All of lore.kernel.org
 help / color / mirror / Atom feed
From: Eric Sandeen <sandeen@sandeen.net>
To: Dave Chinner <david@fromorbit.com>, xfs@oss.sgi.com
Subject: Re: [PATCH] [RFC] xfs: add RENAME_WHITEOUT support
Date: Fri, 20 Mar 2015 16:02:20 -0500	[thread overview]
Message-ID: <550C8ADC.7080309@sandeen.net> (raw)
In-Reply-To: <1423653330-25297-1-git-send-email-david@fromorbit.com>

On 2/11/15 5:15 AM, Dave Chinner wrote:
> From: Dave Chinner <dchinner@redhat.com>
> 
> Add a basic implementation of RENAME_WHITEOUT to the XFS rename
> code. The implementation options considered are documented in the
> code comments; the method chose was "copy ext4" because we are then
> bug-for-bug compatible with the implementation done by the
> overlayfs developers.
> 
> I have a hacky renameat2 test for whiteouts copied from the existing
> renameat2 tests in xfstests, and this code behaves the same as ext4
> in that rename test. I haven't done any testing with overlayfs, so
> who knows whether that explodes or not.
> 
> The rename code is getting pretty spaghetti now - I'll end up
> spliting this patching whiteout support and cleanup, and I'll set
> what possible cleanups I can make that will help make the code a
> little more understandable....

Ok, sorry for the late review.  Yeah, agreed on the spaghetti ...
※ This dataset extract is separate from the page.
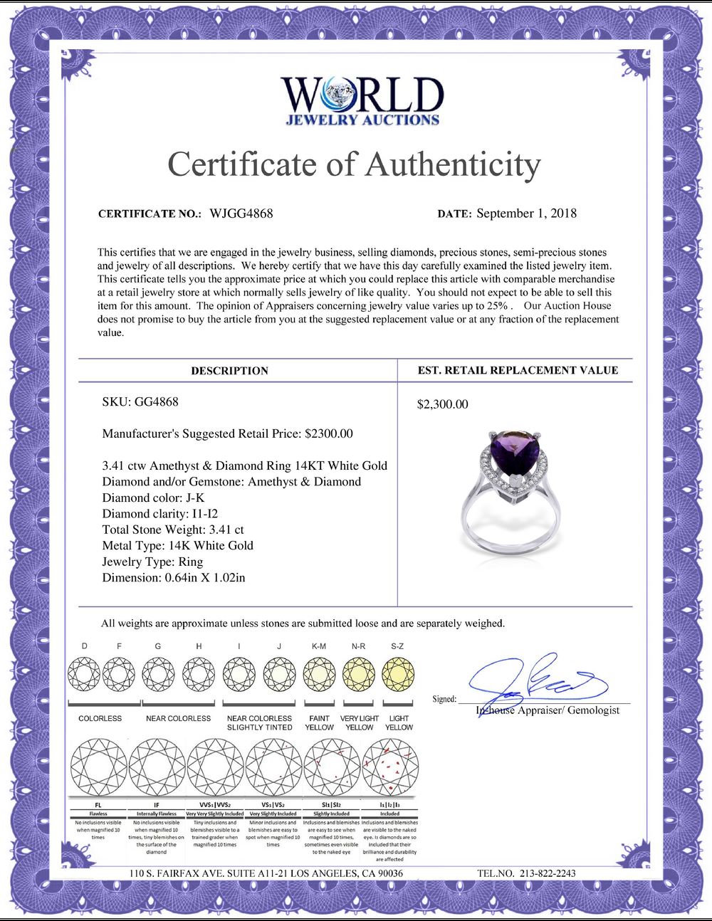 REF-75Z4N - SKU: GG4868 ---- Genuine 3.41 ctw Amethyst & Diamond Ring 14KT White Gold
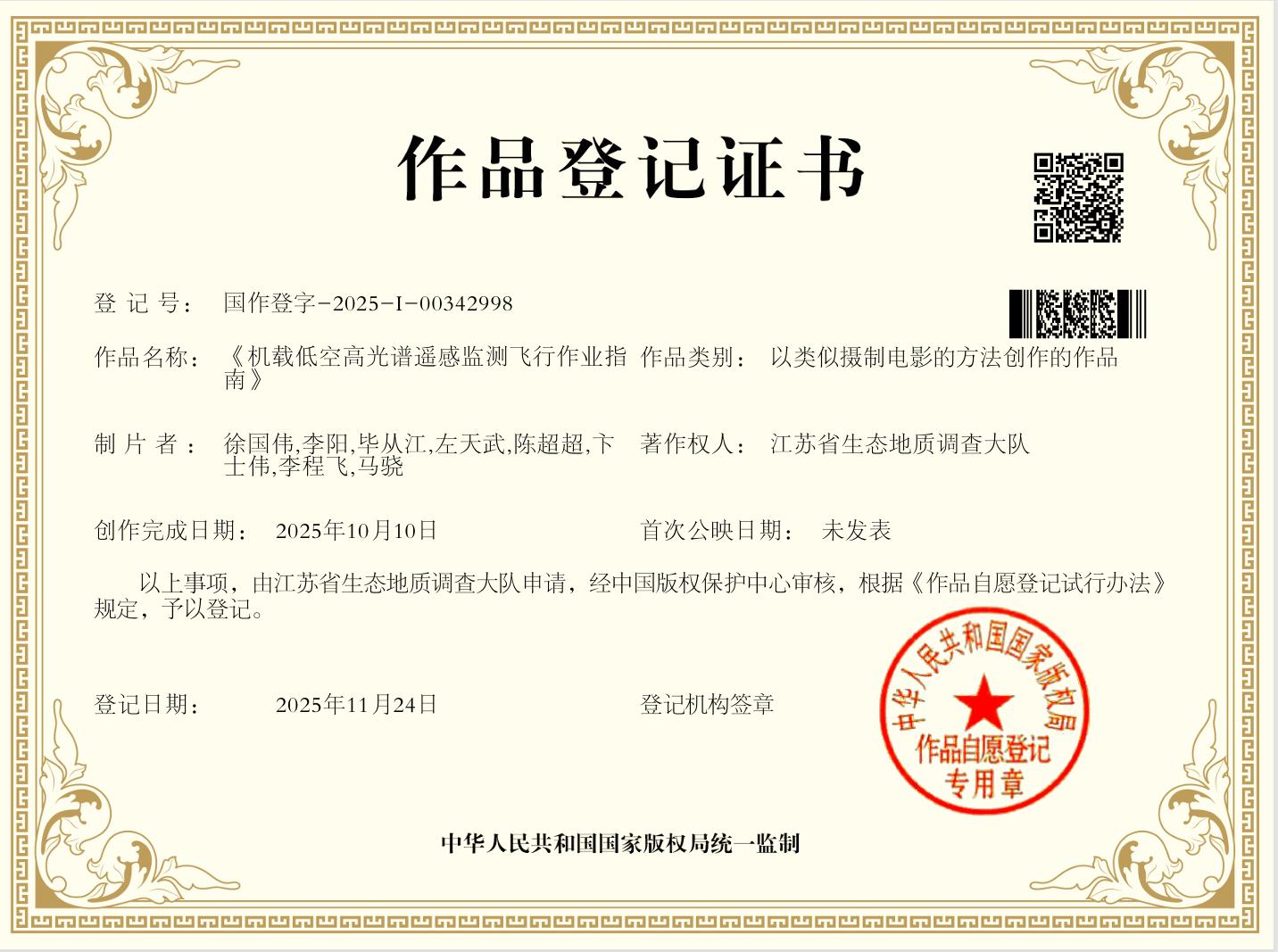 近日,由我队信息中心科普公益服务团队骨干人员与调查中心高光谱项目组通力合作完成的《机载低空高光谱遥感监测飞行作业指南》视频作品,正式获得国家版权局颁发的作品登记证书(登记号:国作登字-2025-1-00342998)。这是我队在推动项目成果规范化、版权化方面取得的一次重要进展,标志着团队视频制作与科普转化能力实现了重大突破。

> Signed-off-by: Dave Chinner <dchinner@redhat.com>
> ---
>  fs/xfs/xfs_inode.c | 261 +++++++++++++++++++++++++++++++++++++++++------------
>  fs/xfs/xfs_iops.c  |   2 +-
>  2 files changed, 205 insertions(+), 58 deletions(-)
> 
> diff --git a/fs/xfs/xfs_inode.c b/fs/xfs/xfs_inode.c
> index bf2d2c7..eef5db7 100644
> --- a/fs/xfs/xfs_inode.c
> +++ b/fs/xfs/xfs_inode.c
> @@ -2683,17 +2683,20 @@ xfs_remove(
>   */
>  STATIC void
>  xfs_sort_for_rename(
> -	xfs_inode_t	*dp1,	/* in: old (source) directory inode */
> -	xfs_inode_t	*dp2,	/* in: new (target) directory inode */
> -	xfs_inode_t	*ip1,	/* in: inode of old entry */
> -	xfs_inode_t	*ip2,	/* in: inode of new entry, if it
> -				   already exists, NULL otherwise. */
> -	xfs_inode_t	**i_tab,/* out: array of inode returned, sorted */
> -	int		*num_inodes)  /* out: number of inodes in array */
> +	struct xfs_inode	*dp1,	/* in: old (source) directory inode */
> +	struct xfs_inode	*dp2,	/* in: new (target) directory inode */
> +	struct xfs_inode	*ip1,	/* in: inode of old entry */
> +	struct xfs_inode	*ip2,	/* in: inode of new entry */
> +	struct xfs_inode	*wino,	/* in: whiteout inode */

Clever as it is, *wip might be more consistent.  ;)

> +	struct xfs_inode	**i_tab,/* out: sorted array of inodes */
> +	int			*num_inodes)  /* out: inodes in array */
>  {
>  	xfs_inode_t		*temp;
>  	int			i, j;
>  
> +	ASSERT(*num_inodes == 5);

Asserting on the value of an "out" variable?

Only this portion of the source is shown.